Introduction
Whereas risk management as a science is rigorously studied, especially in the fields of security and safety, with specialisations leading to specific role designations, legal risk management has not received special attention by lawyers. As it appears, every lawyer considers him/herself as a legal risk expert, without the requisite training in the specific art/science peculiar to the identification, evaluation, assessment and management of legal risks. Perhaps the reason for this dearth of expertise is the fact that corporate governance executives either lack understanding of, or have not paid the needed attention to legal risks management as a tool for managing reputational and financial loss to their organisations. In addition, legal counsels have not raised adequate notice to the highest decision-makers atop the corporate hierarchy, that their role, as prophets capable of predicting future events, could save businesses from financial and reputational loss which, in some cases, can be huge and devastating to the organisation. According to the Centre for Banking Research, data collected from twenty of the world’s largest banks between January 2008 and December 2018 indicate that those banks paid conduct costs of over GBP 377 million during the data collection period. To illustrate the point further, the reputational loss caused by the Petrobras scandal led to loss of 62 per cent of its market value, and Volkswagen’s cheat device scandal affected its reputation significantly. The case for corporate executives and for lawyers to begin to pay more attention to legal risk management as a specialized area in legal practice is therefore paramount. However, identifying what exactly constitutes legal risk can be confusing.
What is Legal Risk?
The definition of legal risk has evolved significantly over the past two decades. One of such definitions of legal risk is by Whalley and Guzelian, who define it as the risk of financial or reputational loss that can result from lack of awareness or misunderstanding of, ambiguity in, or reckless indifference to, the way law and regulation apply to your business, its relationships, processes, products and services. The risks can manifest in different forms and should be identified, separated and analysed individually for evaluation.
Categories of Legal Risk
Similar to other fields, legal risk is multi-faceted. It is therefore necessary that the various components of legal risk are identified for examination. These are:
• Legislative Regulatory Risk. Legislative regulatory risk arises when an organization, corporate entity or individual fails to adequately implement and comply with the law and regulation.
• Non-contractual Obligations Risk. The non-contractual obligations risk is the risk the business faces, when it fails to meet its duty of care to customers, the environment its stakeholders and the market. This obligation may be likened to the social licence that a business requires to remain in business, failing which it risks losing its legal licence.
• Contractual Risk. The contractual risk refers to those risks that the business is exposed to, by virtue of its current and future contracts. Businesses can manage this risk by ensuring that the terms of the contracts are fair and enforceable, the agreement is commercially viable and that the business uses contracts in the right way at the right time.
• Dispute Risk. Dispute risk is the actions that the business takes within the bounds of a dispute. Here, the focus is on the operational and strategic decisions that the organisation takes, following awareness that a dispute is a potential outcome of their actions.
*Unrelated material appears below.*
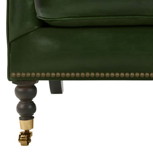 Exclusive to One Kings Lane: From its luxurious leather upholstery to its brass nail-head trim and turned front legs, the Margot Leather Chair is the ultimate in timeless elegance and sophistication. With ample feather-and-down cushioning, it offers supreme comfort, making it a perfect addition to any living space. Also of note:• Brass casters on the front legs enhance the design and allow for easy movement without scratching your floors.• Frame: constructed from solid kiln-dried hardwood for exceptional durability.• Cushion Fill: cloud cushion featuring a high-resiliency foam core wrapped in a super soft foam layer, then inserted into a channel-quilted casing filled with a blend of 50% fiber, 5% down, and 45% feather.• Seat Construction: sinuous-springs system with heavy-gauge steel springs for uniform comfort, reinforced at each end to withstand the wear and tear of everyday use.• Seat Comfort: plush yet supportive, requiring regular fluffing and rotation to maintain the cushions' shape.
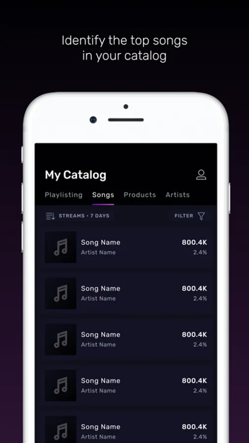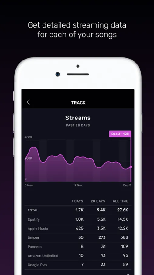 -Dive deeper to see Analytics like all-time streams, trends, playlist placements and more.

• Non-contractual Rights Risk. Non-contractual rights risks derive from intellectual property risks, mainly because the business has either failed to register its own rights or failed to enforce against infringement by others.
Conclusion
The cost of reputational damage and financial loss to businesses can be enormous, when businesses fail to identify and manage legal risks in time. More importantly however is the need for business executives to recognise the importance of managing legal risks, and for lawyers to develop an interest in specializing in this area of practice. Having said that, it is pertinent to avoid treating legal risk management as a discrete category; there is the need to appreciate its overlap with operational risks, in order that its output can feed into executive decision-making with the ultimate objective of reducing risk to as low as reasonably practicable.
In the absence of competent in-house counsel, it is suggested that organisations engage the services of external law firms which have the requisite expertise and experience to conduct legal risk assessments on their behalf. This is the preferred approach, as the recommendations emanating from the risk assessments are likely to be more independent and objective, with the potential to attract the attention and buy-in of executive decision-makers. The objective is not only to engage in reactive legal risk management, but to adopt a culture of proactive, long-term, strategic identification of potential risks which require well-thought-out solutions – solutions that are arrived at through cross-functional engagement within the organization. This cross-functional, interactive approach promotes an organisational culture of legal risk awareness which in turn places individual departments in a position to avoid potential legal risk pitfalls. For external counsels engaged in this enterprise, the need to engage with relevant actors within all the organisation’s departments, understand its strategic interests and culture is paramount.
Whalley M, Guzelian C, The Legal Risk Management Handbook, 2017 p23
Major Selasie Atuwo (Rtd) is a lawyer and has keen interest in Cyberspace Laws and Regulations, ICT Law, Privacy and Data Protection Law, FinTech, Artificial Intelligence and laws relating to National and Private Security.